Aprovechando que ambos se largaron durante el puente de octubre, nada más comenzar

el curso, accedió a sus dormitorios con una copia de las llaves que previamente había

mangado y buscó y buscó algo que pudiera darle ventaja, algo que apartara de allí por lo

menos durante un tiempo a Ramsés y Orfeo. No era plan de meterles un puro definitivo,

simplemente había que desviar su atención durante un tiempo; pero de no poder ser así, el

hecho de provocar una expulsión permanente tampoco le asustaba en absoluto. Revisando

sus habitaciones se dio cuenta de que no era casual el que aquellos tipos salieran

indemnes de los fregados en que estaban metidos.
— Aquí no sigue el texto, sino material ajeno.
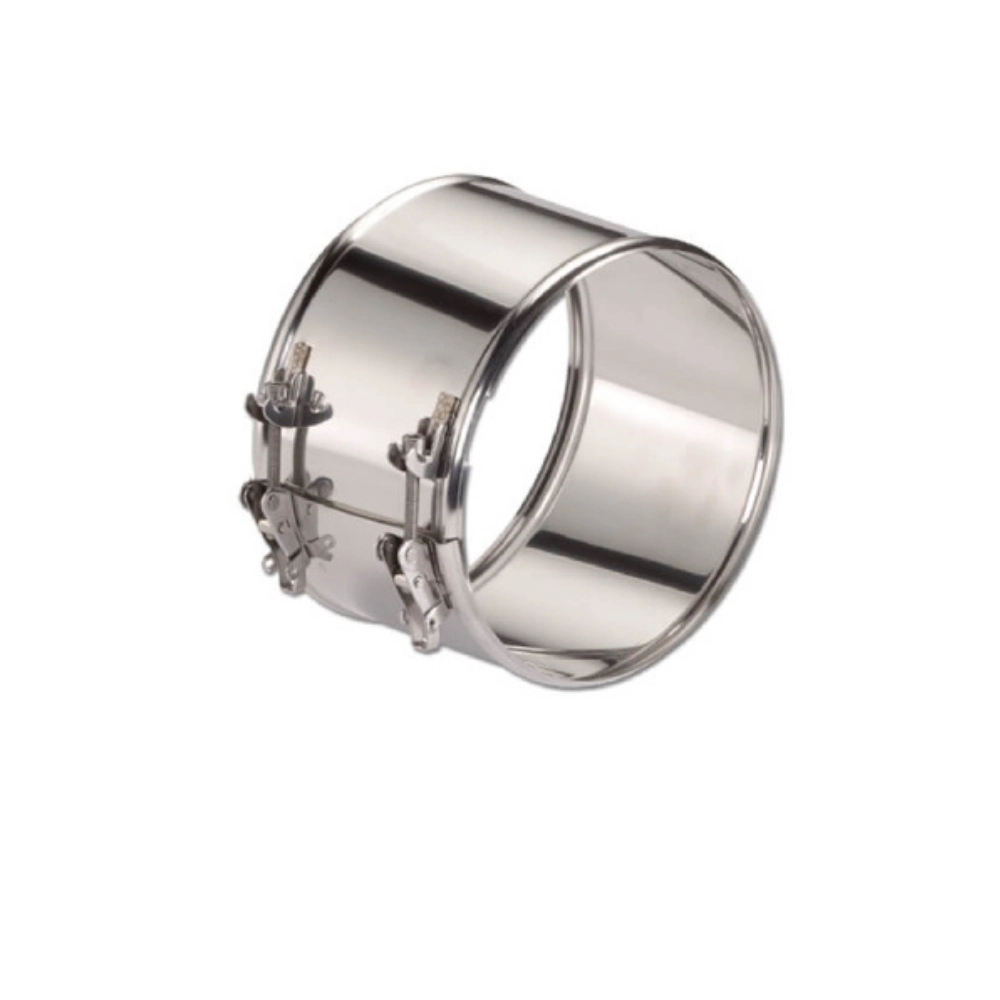 Prindere cu clemă, utilizată pentru blocarea și etanșarea conexiunii, cu diametrul D = 180 mm, dotată cu sistem rapid de prindere reglabil.

Todo estaba perfectamente ordenado;

ni un solo objeto de más ni de menos; nada que pudiera comprometerles ni vincularles

con los problemas que causaban a diario. Impoluto. Ian entendió que esos dos no sólo

eran malos por naturaleza; lo eran también a conciencia, de manera muy meticulosa y

precisa, sin dejar nada al azar. Nada, o casi nada; pues con él habían cometido el fallo de

subestimarle y de pensar que podrían intimidarle como si cualquier cosa. Abandonó sus

habitaciones, fascinado por la altura de sus rivales, pero persuadido también de que su

venganza contra ellos debería ser definitiva. La cuestión ahora era decidir si esperar un

poco más para asestar un golpe mortal o acelerar los pasos a riesgo de no acabar con su

problema. El tiempo, desde luego, aconsejaba lo segundo; la seguridad, lo primero.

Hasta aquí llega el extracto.